The other factor which we need to consider is we might installed and using different tools as our system/python-package management (e.g. Anaconda, native python packages, aws bundles…) and on top of that also we might have different packages to be installed in our working stations like IDE compatibility python packages which probably we don’t want them to be shared with others. Last but not least, we probably will have a setup on on production stages which is vary from development or testing. Besides, having different stages for automate deployments should be considered as a crucial need for making a seamless deployment cycle.

To address all above problems, one approach would be having separate standalone virtual environments for certain parts of the project which could cause incompatibility on packages dependencies. Moreover, we can benefit from some level of abstraction by defining requirements in multiple chunks which can be all driven from each other in an explicit hierarchy of stages.

The solution for managing multiple virtual environments is mostly covered in previous parts of this comment and can be handled either ways but regarding the hierarchy of the requirements we can use a pip package called pip-tools which efficiently compare all the packages sub-dependencies and compiles a list of all the required packages respectively in such a deterministic way which guarantee we will have the exact same environment setup after deployment.

In order to split requirements down into multiple chunks, defining the hierarchy is the initial step:

Screenshot_2019-01-25_at_15.04.04

As you already found in above scheme, we can have some sort of top down hierarchy which any of upper level requirement chunk can be load into the lower levels. Notice that, none of the middle stages are not compulsory and can be omitted for constructing the lower level requirements.

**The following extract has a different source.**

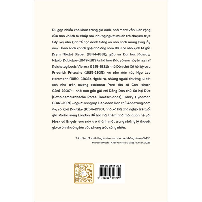 Trong suốt hơn một thế kỷ, hình ảnh Karl Marx thường bị giản lược thành một biểu tượng tư tưởng cứng nhắc hoặc một hệ thống lý thuyết đã hoàn chỉnh. Nhưng cuốn sách Karl Marx và dòng suy tư chưa khép lại - Những năm cuối đời mang đến một chân dung hoàn toàn khác: một Marx đang suy nghĩ, hoài nghi và tiếp tục mở rộng những câu hỏi của mình về thế giới.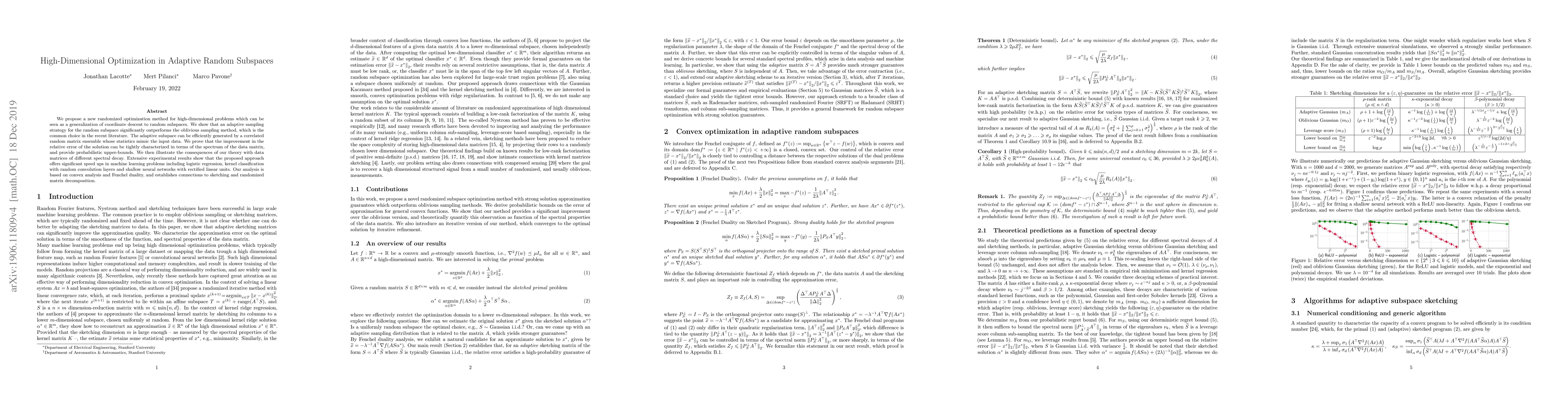 We propose a new randomized optimization method for high-dimensional problems which can be seen as a generalization of coordinate descent to random subspaces. We show that an adaptive sampling strategy for the random subspace significantly outperforms the oblivious sampling method, which is the common choice in the recent literature. The adaptive subspace can be efficiently generated by a correlated random matrix ensemble whose statistics mimic the input data. We prove that the improvement in the relative error of the solution can be tightly characterized in terms of the spectrum of the data matrix, and provide probabilistic upper-bounds. We then illustrate the consequences of our theory with data matrices of different spectral decay. Extensive experimental results show that the proposed approach offers significant speed ups in machine learning problems including logistic regression, kernel classification with random convolution layers and shallow neural networks with rectified linear units. Our analysis is based on convex analysis and Fenchel duality, and establishes connections to sketching and randomized matrix decomposition.

Also, pip-tools provides an abstraction interface on defining requirements file and basically it expects us only define main packages and all the sub-packages will be automatically linked and dumped into output requirements.txt files. A simple instructions of .in and .txt files definition in pip-tools you can check out the following link. https://koed00.github.io/managed-environments-with-piptools/

But in order to have a more realistic example consider the following snippets:

# imagine for make an fresh venv without any package installed
# go to the project directory
$ cd project_dir

# install the pip-tools via pip
# ATTENTION: DO NOT UPDATE PIP TO ITS LATEST VERSION.
$ pip install pip-tools

# lets define the our requirements chunks
$ mkdir requirements
$ cd requirements

# As top level requirement file lets create main.in first
# (all the packages name in the following command are just arbitrary 
# can be literally anything)
# here we just see the content of the file which we created

# main.in content:
awscli
boto3

# dev.in content:
-r main.in
pandas
numpy

# data_simulation.in content:
-r dev.in
geopandas
turicreate
rtree

# mark-local.in content:
-r data_simulation.in 
pep98
pylint


# Running the pip-compile on the last file of the chain 
# to compile and output .txt pip requirements file
$ pip-compile mark-local.in  # it could take awhile

# Run pip-sync to actually install the package
$ pip-sync mark-local.txt  # consider the txt extension

A few notes:

Consider that the outcome of the pip-compile will be an *.txt file with same name as input file.
Do not upgrade the pip to version 19.0 or above since it has some unresolved bugs.
pip-compile file can be run on any file in the hierarchy not only the last in the chain.
You might ran into maximum pip iteration threshold if you have many nested .in files which can be resolve by increasing that threshold system-wide (google it).
For adding or removing any package, just remove it from the *.in file and run pip-compile to regenerate the *.txt file and at end pip-sync to reflect on venv. That automatically take care of all sub-dependency and remove them all too.
Since we usually don’t pin the packages in *.in files (except when we have to), in order to update or upgrade packages we need to run pip-compile on regular basis. (for more on pinning package read this article).
Both *.in and *.txt files should be tracked with version control system (git in our case).